Material classification

In order to obtain materials of higher physical fidelity, NIDN implements a second way of encoding material permittivity in the neural network. Naively, one may assume that it would be easiest to have the network perform a classification by assigning one specific material (and hence its permittivity) to each grid cell. Unfortunately, this is infeasible as the necessary argmax operation in a classification (to select the most probable material) is not differentiable and thus would break the gradient flow. As an alternative, NIDN features a collection of N—at time of writing twelve—materials from which we determine the relative permittivity \(\epsilon _r\) at a point P through a linear combination such that

$$\begin{aligned} \epsilon _r^P = \sum _{i=1}^N y^P \epsilon _r^i, \end{aligned}$$

(3)

where \(y^P \in [0,1]^N\) is the neural network output for point P and its i-th entry describes the probability of the i-th material at the point P and \(\epsilon _r^i\) is the relative permittivity of the i-th material in NIDN, respectively. Thus, the produced permittivity is strongly resemblant of real experimental permittivity as can be seen in the results for the classification approach. Furthermore, to push the network towards picking one material without breaking gradient flow, the output \(y^P\) is passed through a softmax function \(\sigma (y)\) with \(\beta =16\), i.e.

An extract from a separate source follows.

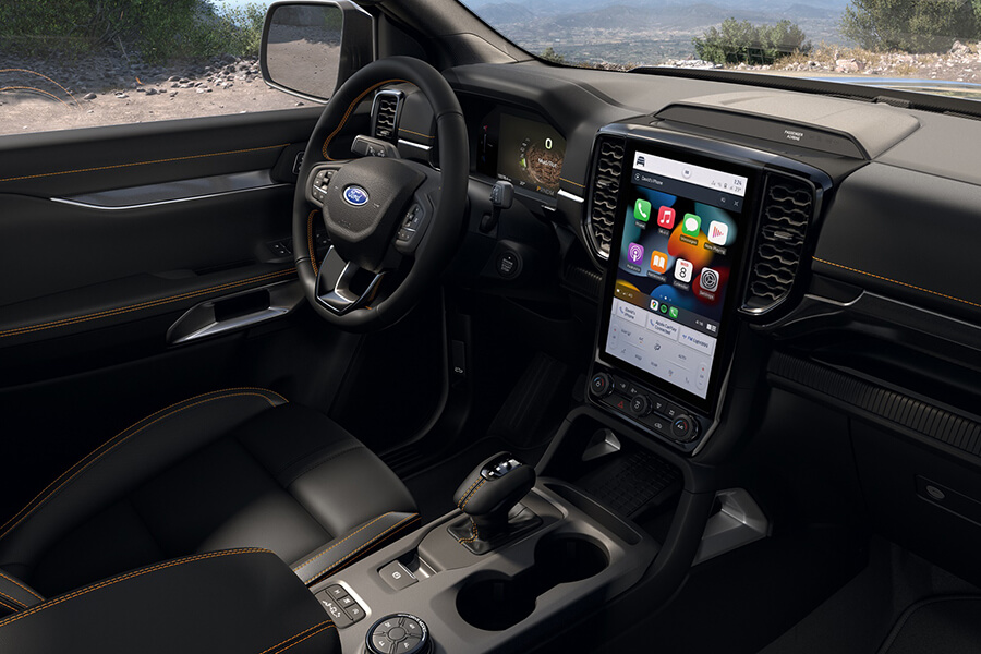 新款Ford Ranger跳脫傳統皮卡商用車的設計框架,帶來更具科技氣息的數位化科技座艙。具客製化機能的8吋全彩液晶智慧多功能儀錶板,帶來清晰簡潔的視覺介面。中控台則是可見Ford全新開發的SYNC®4A娛樂通訊整合系統打造出色的人因介面,讓各式車輛常用功能在操作上更為直覺。除了一般螢幕觸控及按鈕、旋鈕控制外,SYNC®4A娛樂通訊整合系統更提供了對話式聲控系統、無線Apple CarPlay®/Android AutoTM、以及線上車主手冊等多項便利機能,帶給消費者便捷的科技使用氛圍。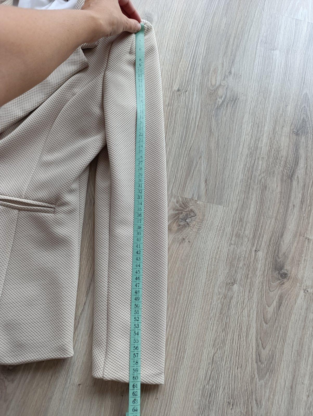 Veľmi pekné sako, takmer nenosené. Bezchybný stav. Nie je elastické. Šírka v prsiach do 50 CM, dĺžka cca 66 CM.

$$\begin{aligned} \sigma (y)_i = \frac{e^{\beta y_i}}{\sum _{j=1}^N e^{\beta y_j}} . \end{aligned}$$

(4)

Neural network training

The neural network training in NIDN is inspired by several previous works in the field of differentiable models^42,44,45,46. Thus, dense neural networks, namely the NeRF⁴⁵ and Siren⁴⁶ architecture are employed. Their parameters are optimized based on the gradient information obtained from running the simulation with the material encoded by the network. Thus, as illustrated in Fig. 1, the gradient of the model parameters, i.e. the permittivities, is computed by backpropagation from the loss through the computational graph formulated by the forward model (be it RCWA or FDTD) to the model. NIDN allows a variety of losses, such as absolute mean error or L2 error. For the classification, an additional regularization loss is used penalizing probabilities for their distance from the values 0 and 1. Training uses the Adam optimizer, a default learning rate of \(8\cdot 10^{-5}\) and a learning rate scheduler to reduce the learning rate upon encountering a plateauing loss.

Software structure

In general, NIDN enables users with two potential use cases: The first is to run forward model simulations using either RCWA or FDTD to obtain the spectral characteristics of a material. The second is the inverse design using neural network models to describe a material structure that produces certain spectral characteristics. NIDN’s software repository has Jupyter notebooks describing both processes in detail for RCWA and FDTD to enable users to run their own experiments. The project is open to contributions and under a permissive GPL-3 open-source license to allow customization.

NIDN is designed with modularity in mind, allowing for arbitrary neural network models and Maxwell solvers to be plugged in. It uses a continuous integration methodology with automated unit tests to ensure the correctness of the implementation. Several plotting utilities, such as those used for the figures in this work are available. It is the authors’ hope that the described steps and features will allow others to build and improve upon it.